Have you tried restarting your HA instance, say, every 7 days, to see if the problem goes away?

Whilst, in principle, HA should be able to run indefinately, there are many things that may cause problems to build up over time.

Personally, I have an automation that restarts HA at 2 am every day.

1 Like

You can’t have too many routers. :grin:

Actually, small houses are often more problematic for Zigbee because there are more obstructing walls - I’d say your approach was exactly right. I have a small Victorian house (tiny rooms, thick walls) and it took about 30 routers to make the network stable.

1 Like

Yes that’s exactly what I thought about doing - I was looking for the right command to restart it - would you be able to share me your template please so I can have a look? Or do you reboot HA entirely?

Haha good to know!

Yeah the walls here are thick brick walls so it doesn’t travel far.
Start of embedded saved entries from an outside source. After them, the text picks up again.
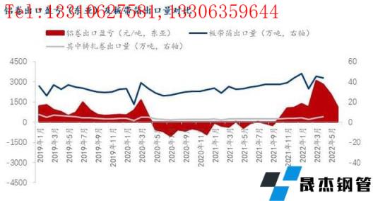 而在板帶箔出口方面,我們從下圖數據可以看到,在鋁卷出口利潤為負的時候,板帶箔仍維持較高水平的出口量。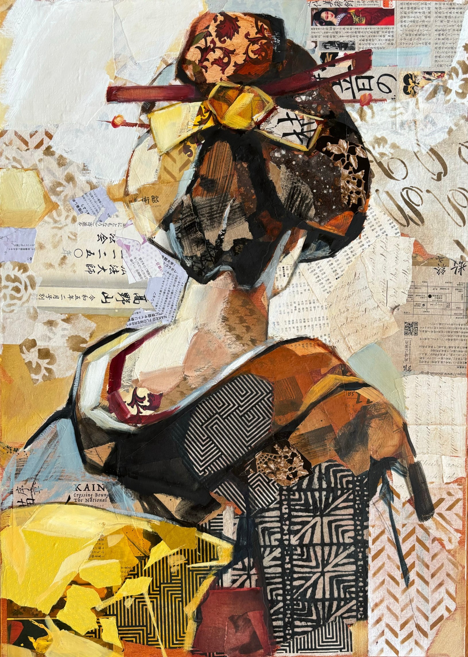 Mix media avec collages sur toile.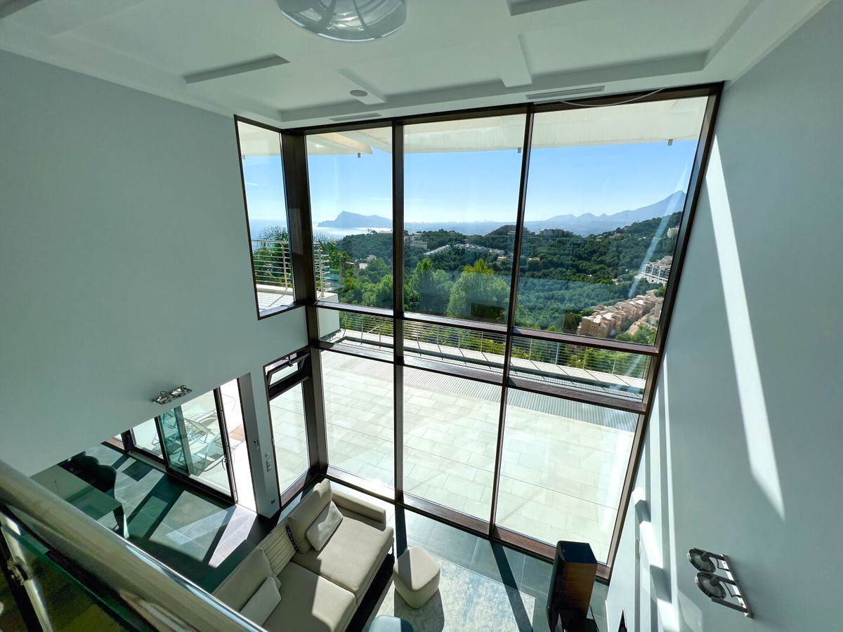 Ez a modern prémium osztályú villa lenyűgöző panorámás kilátás nyílik a öböl Altea egészen Benidorm található az elit zárt közösség Altea Hills 24 / 7 biztonsági, mellett luxus kényelmi, mint a teniszklub, golfpálya, jacht tengeri, és 5- csillagos spa komplexum. a villa található a legcsendesebb területén Altea Hills, ahol & apos; nem hallani az ap- 7. Amikor először megnézed a villát az utcáról, látod a kapitány és a kabinját, és a megnyúlt zöld és kék ablakokat, és rájössz, hogy úgy néz ki, mint egy vitorlás! a 24 m hosszú és 7 m magas homlokzat teljesen készült alumínium és fa nagyon jó termikus és technikai tulajdonságokkal! Az alumínium kívül védi a fát a naptól, és a belsejében készült kanadai tölgy különleges dekorációs kezelés! a villa a tervező bútorait tartalmazza: Villeroy és Boch, Duravit, Rolf Benz. , Teljesen berendezett, és készen áll a beköltözésre! a ház összesen 323 m2 épült egy 988 m2 telken, és eloszlik négy szinten csatlakozik egy belső lépcsőház és egy lift hat fő részére.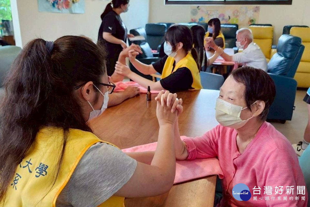 老福系學生為長照機構長者進行精油按摩。(弘光科大提供)
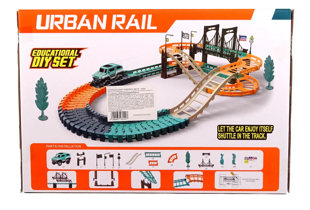 Ezzel a szettel a gyerekek saját autópályát építhetnek szobájuk közepén. A kanyargós, több szinten is mozgó út egy méretes híddal is rendelkezik mely a pálya központi részét alkotja. Szettünk egy minőségi kisautót is tartalmaz melyet ha bekapcsolunk, magától is képes körbe-körbe menni a pályán.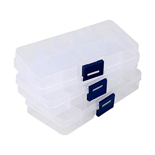 Title: TDOTM Adjustable Clear Plastic 10-Grid Jewelry Organizer Divider Storage Earring Storage Containers Box 3 Pack (Blue Button)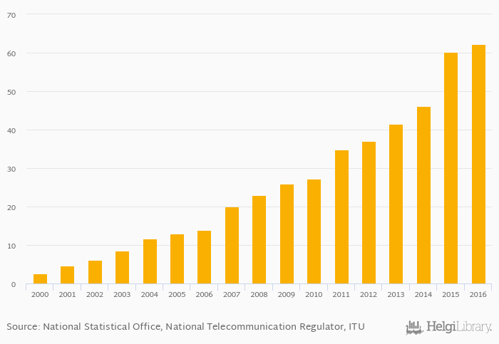 Historically, share of population using internet in Jordan reached an all time high of 62.3% in 2016 and an all time low of 2.62% in 2000. When compared to Jordan's main peers, share of population using internet in Iraq amounted to 21.2%, 79.7% in Israel, 74.9% in Saudi Arabia and 31.9% in Syria in 2016.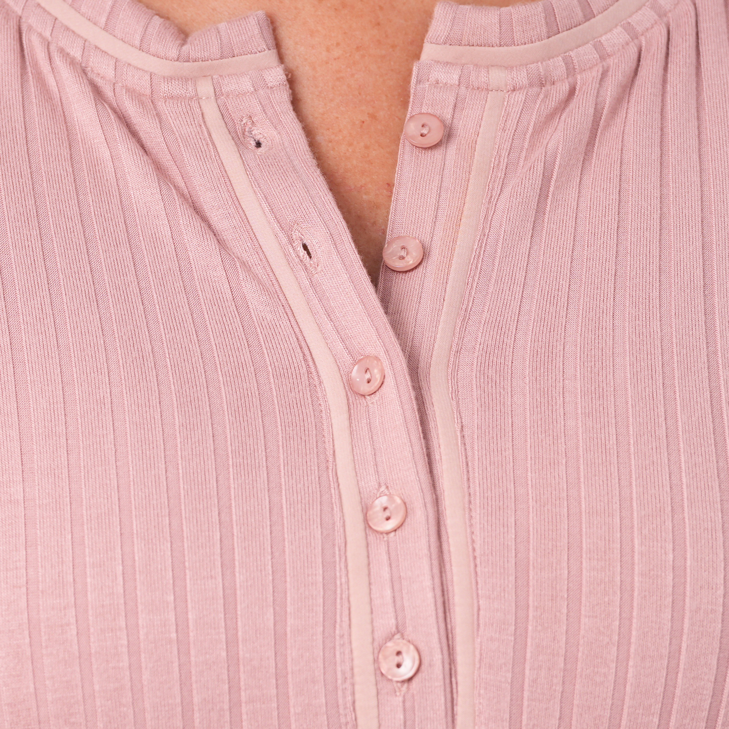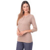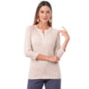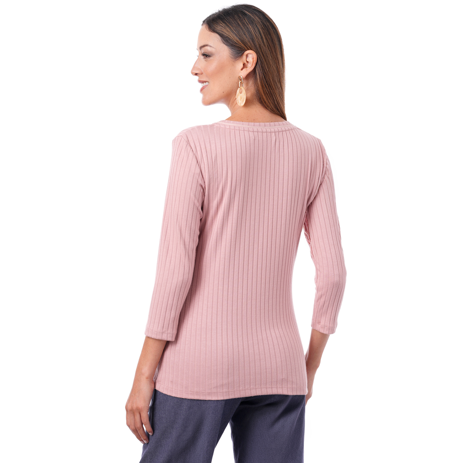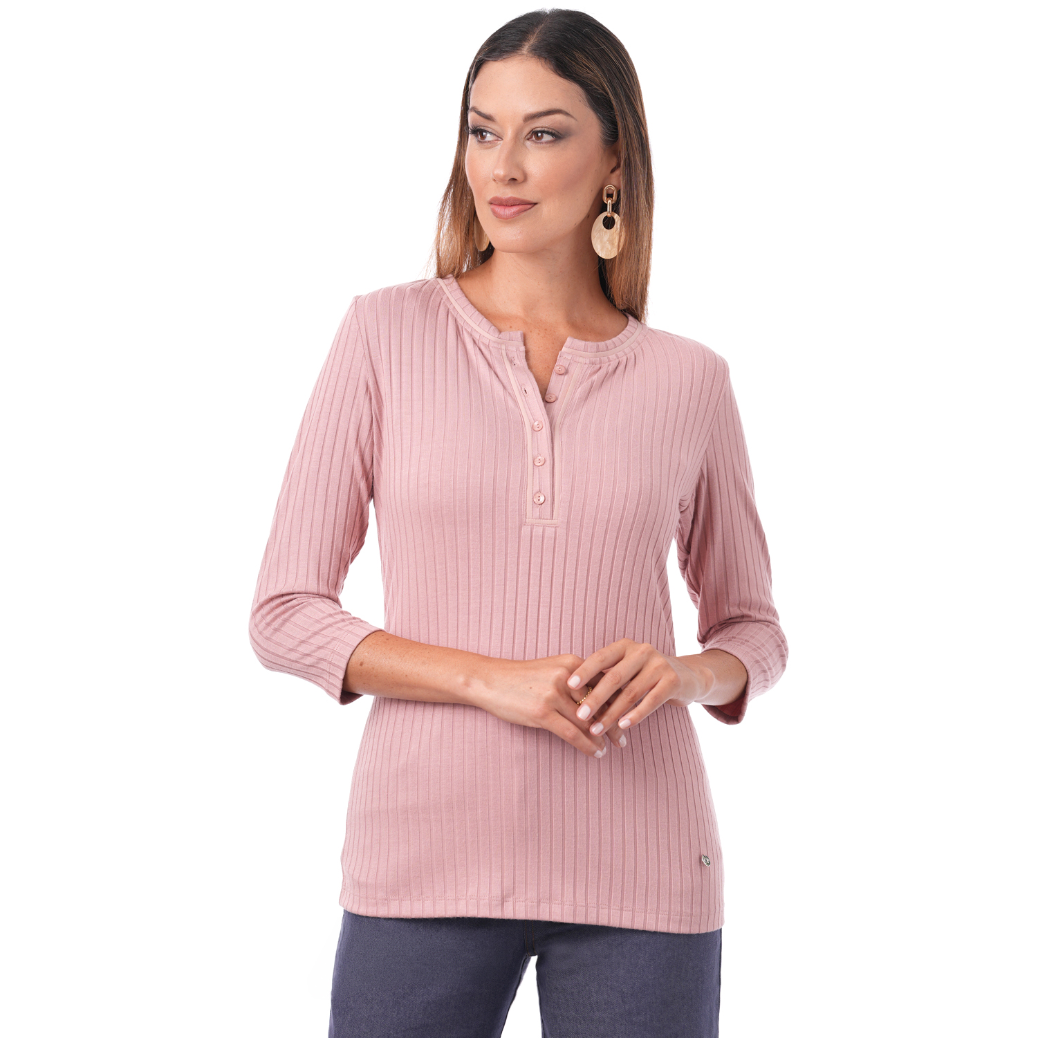 Este polo de color entero y manga 3/4 presenta una silueta sobria y versátil, ideal para un look ordenado y fácil de combinar.

Maybe I need to look elsewhere, I’m using IKEA plugs as the routers (and one bulb)

Do you think it’s worth me getting the devices to rebuild the network?

You can get little USB routers - manufacturers sometimes market them as “extenders” - not very expensive and don’t take up much space. Two or three of those might make a difference.

Beware of these, at least the Tuya ones. There are reports here that they were black-holing messages. Basically, they were doing the opposite of what they were supposed to do.
Not sure if this was fixed in future revisions, but the only dedicated USB repeaters which have been reported as reliable are either the Ikea ones or a zigbee coordinator flashed with router firmware.

1 Like

Hi @Sammyjo20

To restart HA I use

action: homeassistant.restart
data: {}

However, my actual automation is more complex. On Sundays it restarts the host. It will also install certain updates.

1 Like

Thank you for the replies everyone. So far I turned off the Home Assistant container for at least an hour to let all the Zigbee devices go into panic mode, I’ve since turned it back on and everything seems to be working still - hopefully it’s healing and optimizing itself.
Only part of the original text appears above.